Oviatt adds that embracing carbon capture may also allow the region to avoid the “stranded asset” problem, in which major employers are forced to shut down expensive power plants, refineries, and extraction wells that could otherwise continue operating for years to decades.
“We’re the largest producer of oil in California and seventh in the country; we have trillions and trillions of dollars in infrastructure,” she says. “The idea that all of that should just be abandoned does not seem like a thoughtful way to design an economy.”
Carbon dioxide leaks
But critics fear that preserving it simply means creating new dangers for the disproportionately poor, unhealthy, and marginalized communities surrounding these projects.
In a 2022 letter to the EPA, the Center for Biological Diversity raised the possibility that the sequestered carbon dioxide could leak out of wells or pipelines, contributing to climate change and harming local residents.
These concerns are not without foundation.
In February 2020, Denbury Enterprises’ Delta pipeline, which stretches more than 100 miles between Mississippi and Louisiana, ruptured and released more than 30,000 barrels’ worth of compressed, liquid CO2 gas near the town of Satartia, Mississippi.
The leak forced hundreds of people to evacuate their homes and sent dozens to local hospitals, some struggling to breathe and others unconscious and foaming at the mouth, as the Huffington Post detailed in an investigative piece. Some vehicles stopped running as well: the carbon dioxide in air displaced oxygen, which is essential to the combustion in combustion engines.
There have also been repeated carbon dioxide releases over the last two decades at an enhanced oil recovery project at the Salt Creek oil field in Wyoming. Starting in the late 1800s, a variety of operators have drilled, abandoned, sealed, and resealed thousands of wells at the site, with varying degrees of quality, reliability, and documentation, according to the Natural Resources Defense Council. A sustained leak in 2004 emitted 12,000 cubic feet of the gas per day, on average, while a 2016 release of carbon dioxide and methane forced a school near the field to relocate its classes for the remainder of the year.

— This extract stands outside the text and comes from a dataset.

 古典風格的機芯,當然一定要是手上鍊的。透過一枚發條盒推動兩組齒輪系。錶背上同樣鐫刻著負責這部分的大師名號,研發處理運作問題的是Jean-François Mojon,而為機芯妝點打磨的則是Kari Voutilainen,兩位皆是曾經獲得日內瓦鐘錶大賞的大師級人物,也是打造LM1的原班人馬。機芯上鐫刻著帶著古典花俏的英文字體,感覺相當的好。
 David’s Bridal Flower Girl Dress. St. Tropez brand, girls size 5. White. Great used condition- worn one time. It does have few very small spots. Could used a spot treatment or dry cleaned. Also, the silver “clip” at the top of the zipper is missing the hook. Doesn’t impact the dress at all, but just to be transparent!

Some fear that similar issues could arise at Elk Hills, which could become the nation’s first carbon sequestration project developed in a depleted oil field. Companies have drilled and operated thousands of wells over decades at the site, many of which have sat idle and unplugged for years, according to a 2020 investigation by the Los Angeles Times and the Center for Public Integrity.

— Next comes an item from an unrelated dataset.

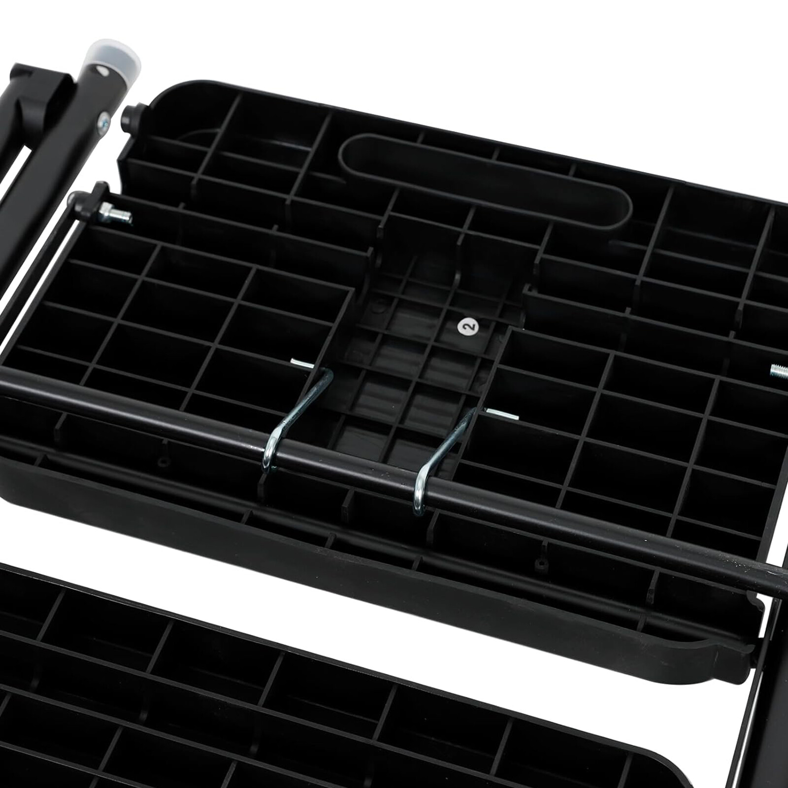 - The thickened steel frame construction and the design of cross structure at the back ensures reliable strength and support. Metal safety buckle locks automatically, strengthening the stability and making you safer while climbing the ladder.

Ospina argues that CRC and county officials are asking the residents of Kern County to act as test subjects for unproven and possibly dangerous CCS use cases, compounding the health risks facing a region that is already exposed to too many.
Whether the Elk Hills project moves forward or not, the looming carbon storage boom will soon force many other areas to wrestle with similar issues. What remains to be seen is whether companies and regulators can adequately address community fears and demonstrate that the climate benefits promised in modeling studies will be delivered in reality.